The macroscopic deformation process of rock is the external performance of microscopic damage in essence, and research from the macro and micro perspectives can effectively reveal the failure mechanism of rock. To further investigate the fracture behaviors of yellow sandstone disc specimens under different loading rates, seven groups of Brazilian disc splitting tests with different loading rates from 1 × 10^–6 to 1 × 10^–4 s^–1 were carried out. A systematical investigation of loading rate effect on macroscopic mechanical responses and microscopic damage characteristics has been conducted from the stress–strain relationship obtained from material testing system, from damage three-dimensional localization based on acoustic emission techniques, and from fracture morphology by scanning electron microscope. In addition to laboratory experiment, parallel bond models of different grain size distribution indexes based on particle flow code were established. The coupling effect of loading rate and grain size distribution index was further analyzed. The results interpret that the effect of loading rate on rock fracture behaviors is determined by the process of crack initiation, propagation and coalescence, and it is also affected by distribution of different size grains. The differences of rock fracture behaviors under different loading rates were discussed from the mechanism of energy input and dissipation. The research have actual significance for stability design and evaluation of rock excavation engineering.

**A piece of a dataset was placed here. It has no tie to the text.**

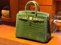 HERMES 爱马仕 Birkin 25CM 金扣 6H Veronese 橄榄绿 进口鳄鱼皮
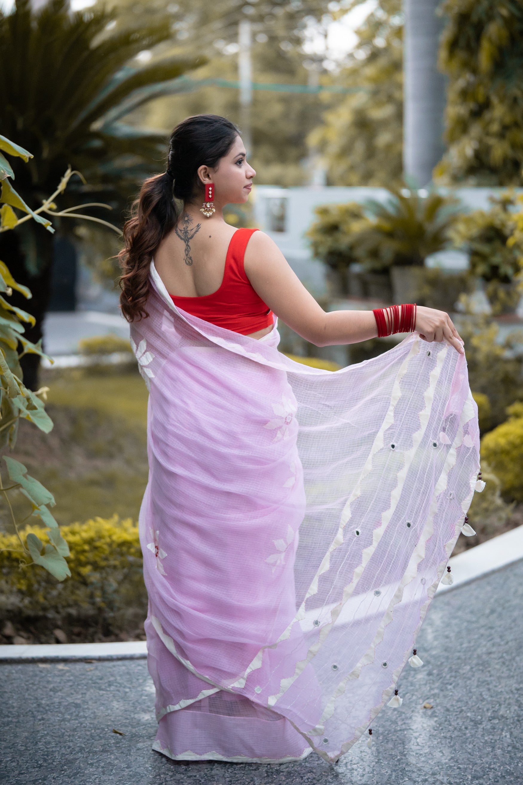 Discover timeless elegance with Anaisha, an exquisite light pink Kota Doria saree from our exclusive Avyakta Collection. Featuring intricate white floral applique work and delicate red thread embroidery, this saree is entirely handcrafted, making it a perfect blend of tradition and modern style. Whether for festive occasions, weddings, or celebrations, this saree is designed to make you stand out effortlessly.

岩石的宏观变形过程本质上是微观损伤的外部表现，从宏观和微观的角度进行研究可以有效揭示岩石的破坏机理。为了进一步研究黄色砂岩圆盘试样在不同加载速率下的断裂行为，七组巴西圆盘劈裂试验的加载速率从1×10 ^–6到1×10 ^–4  s ^–1被执行。从材料测试系统获得的应力-应变关系，基于声发射技术的损伤三维定位以及通过扫描电子显微镜观察的断裂形态，系统地研究了加载速率对宏观力学响应和微观损伤特性的影响。 。除了实验室实验，还建立了基于颗粒流代码的不同粒度分布指标的平行键模型。进一步分析了加载速率与晶粒尺寸分布指数的耦合效应。结果表明，加载速率对岩石断裂行为的影响取决于裂纹的萌生，扩展和聚结过程，并且还受不同粒度晶粒分布的影响。从能量输入和耗散机理探讨了不同加载速率下岩石断裂行为的差异。该研究对岩石开挖工程的稳定性设计和评价具有实际意义。